Macunaíma nasce de uma “mulher
macho” que pari um filho. Esta cena retrata a realidade que
vivemos. Um país jovem, cansado e cheio de desejos de ter tudo, sem
ter que realizar nenhum esforço. Podemos ver isso na quase
totalidade política do nosso país onde o mais “esperto” vence o
mais fraco.
Esta
visão conservadora, representa a tradição colonialista que
pressupõe uma supremacia do homem branco sobre os demais grupos e
culturas. Há nesse sentido um esforço em assimilar qualquer
indivíduo aos padrões da classe média branca. As consequências
dessa visão no olhar educacional são percebidas no modelo de
privação / destituição que se centra no aluno, promovendo um
distanciamento do percebimento da realidade de classes e seus efeitos
sobre o processo educacional. Incluindo um afastamento da relação
professor/aluno.
Reconhecer a possibilidade de outras
culturas não quer dizer realizar um esforço para que as mesmas
sejam culturalmente valorizadas e tenham a oportunidade de emergir no
contexto educacional. O excluído é incluído conforme o desejo de
quem o está incluindo.
O contexto educacional torna-se um
mecanismo avassalador/silenciador, principalmente das culturas
populares, vistas como manifestações inferiores que, em relação
ao ambiente educacional, não necessitam ser incluídas no currículo.

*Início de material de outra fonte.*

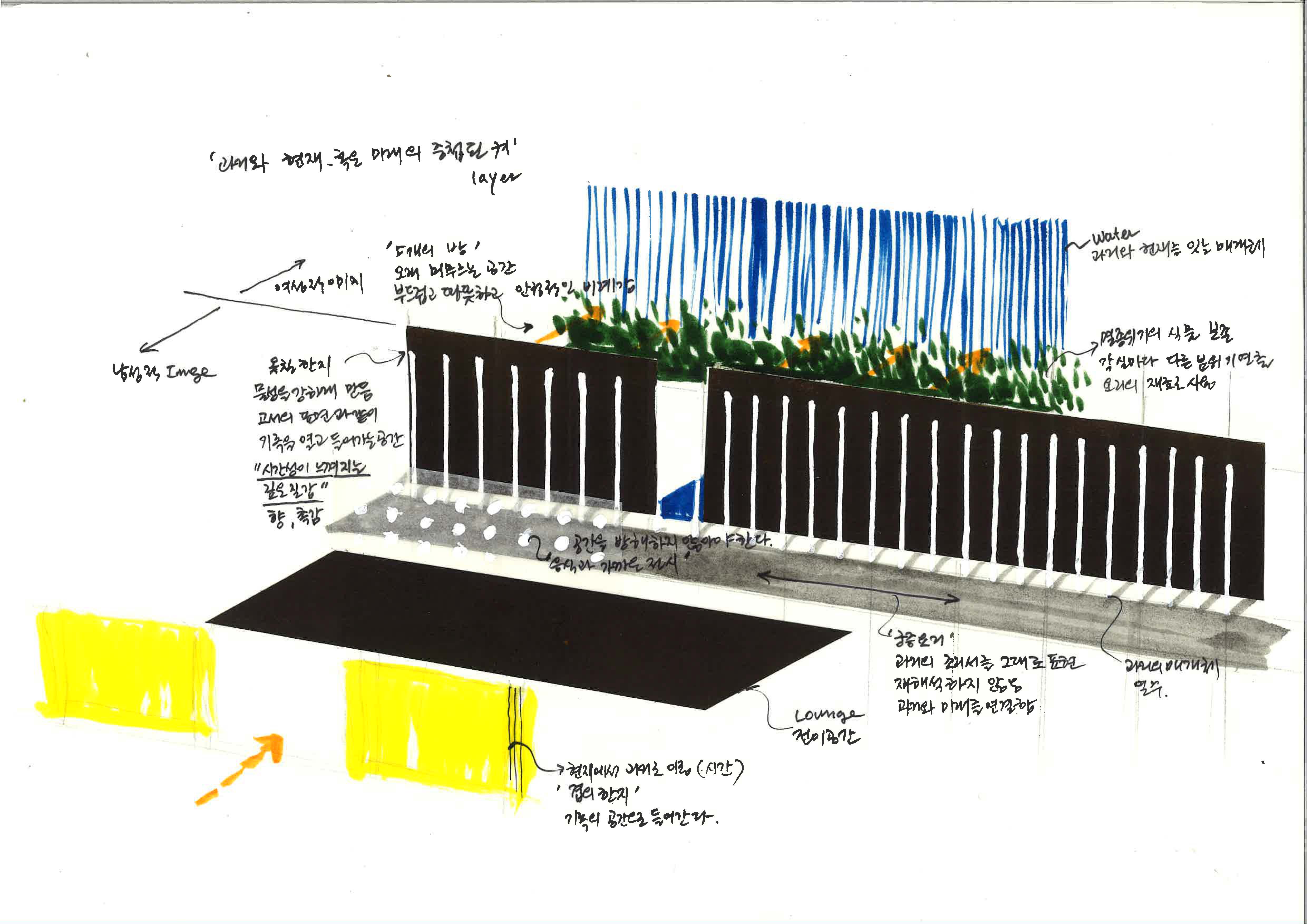 공간에서 처음 맞이하게 되는 메인 출입구는 겹의 한지를 통해 현재에서 과거로 이동하는 기록의 공간으로 들어간다는 의미를 담고 있다. 출입구를 지나 홀에 들어서면 전이 공간으로 이루어진 라운지가 있다. 이 공간은 셰프가 웰컴 푸드를 제공하여 요리를 통해 과거의 시간을 느낄 수 있는 방으로 들어서기 전, 잠시 멈추어 갈 수 있는 곳이 된다.
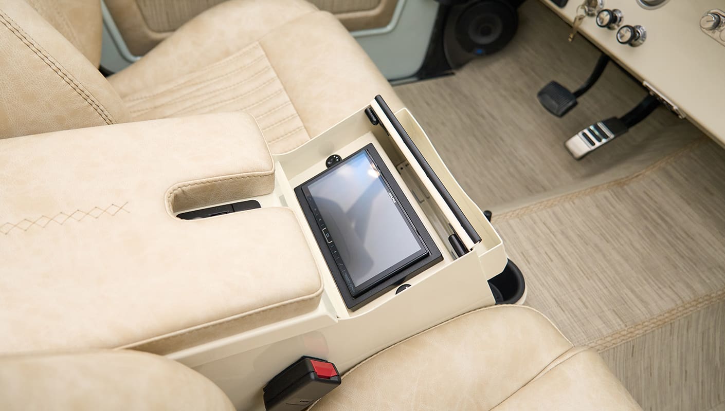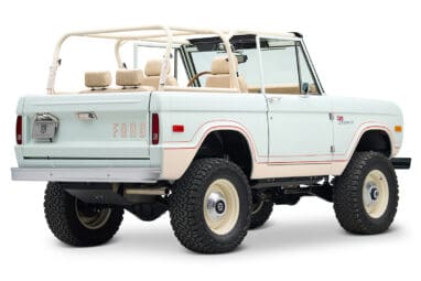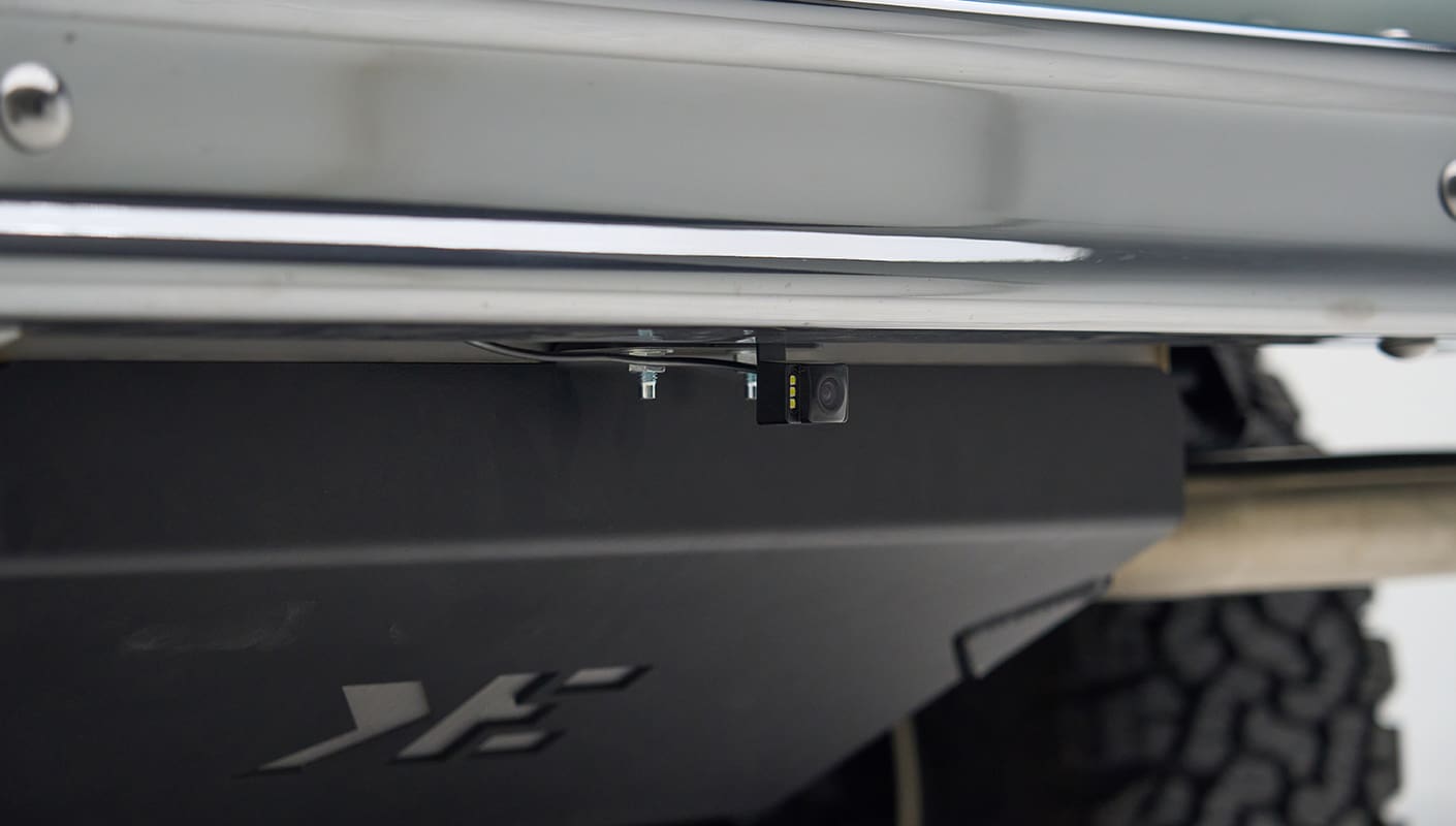 A tribute to classic design with modern refinement, the 1973 Stanley Ranch Custom Bronco embodies vintage charm as you explore rolling hills and open fields of a California ranch. Wrapped in the iconic Ranger stripe decal package and riding on vintage steelies with rugged 33” tires, this custom classic Ford Bronco combines timeless style with the toughness needed to handle dirt roads and ranch trails. Molded fenders, factory chrome bumpers, and AMP power steps add both function and flair, while the reverse camera ensures confident navigation across varied terrain.

Embora já ocorram movimentos de elaboração de currículos que
contemplem essa diversidade sem sobreposição cultural.
Na escola os diálogos culturais, que
acontecem constantemente, ainda têm o caráter de não
reconhecimento do outro mostrando que em nossa educação permanece
características da reprodução social do trabalho ou seja, a
educação é moldada conforme o grupo a qual ela se dirige.
A escola é inserida em uma região
com características geo. econômica-cultural, mas não considera que
a comunidade do seu entorno possui uma cultura formada por diferentes
grupos que foram se alojando neste espaço geográfico. Sendo a
escola de periferia ainda passa por outro processo, que é comum em
comunidades mais pobres, que é o efeito migratório por questões
financeiras ou outros motivos violentos. As diferenças sociais,
relacionadas à linguagem, cultura, costumes, classe, etc., são
vistas como divisão.
A única forma de construir uma
sociedade igualitária é através do consenso, da construção de
uma cultura comum, há não sobreposição de uma à outra cultura.
Considero que ainda não, no todo, mas
em processo, a educação busca uma perspectiva intercultural onde
alguns espaços educacionais, o reconhecimento do outro neste diálogo
entre os diferentes grupos sociais.
Muitas vezes o professor tenta incluir
o seu aluno e sua cultura no contexto escolar, mas no decorrer da
caminhada essa tentativa de aproximação cria uma tensão que acaba
criando uma ruptura nesta tentativa de aproximação. Observo que dos
professores que estão ingressando nas escolas públicas municipais
atualmente uma boa parcela destes acaba desistindo do seu cargo
exonerando-se com um ou dois meses por não estarem preparados para
atuarem em escolas de periferia. Muitos verbalizam que não fizeram
faculdade para aturarem alunos que não tem respeito por ele
professor. A qual respeito estes professores se referem. Ao aluno
permanecer sentado sem movimento e calado durante, no mínimo 50
minutos? Ou ao aluno que não possua senso crítico?
A escola pode ser excludente em
relação ao aluno e também ao professor.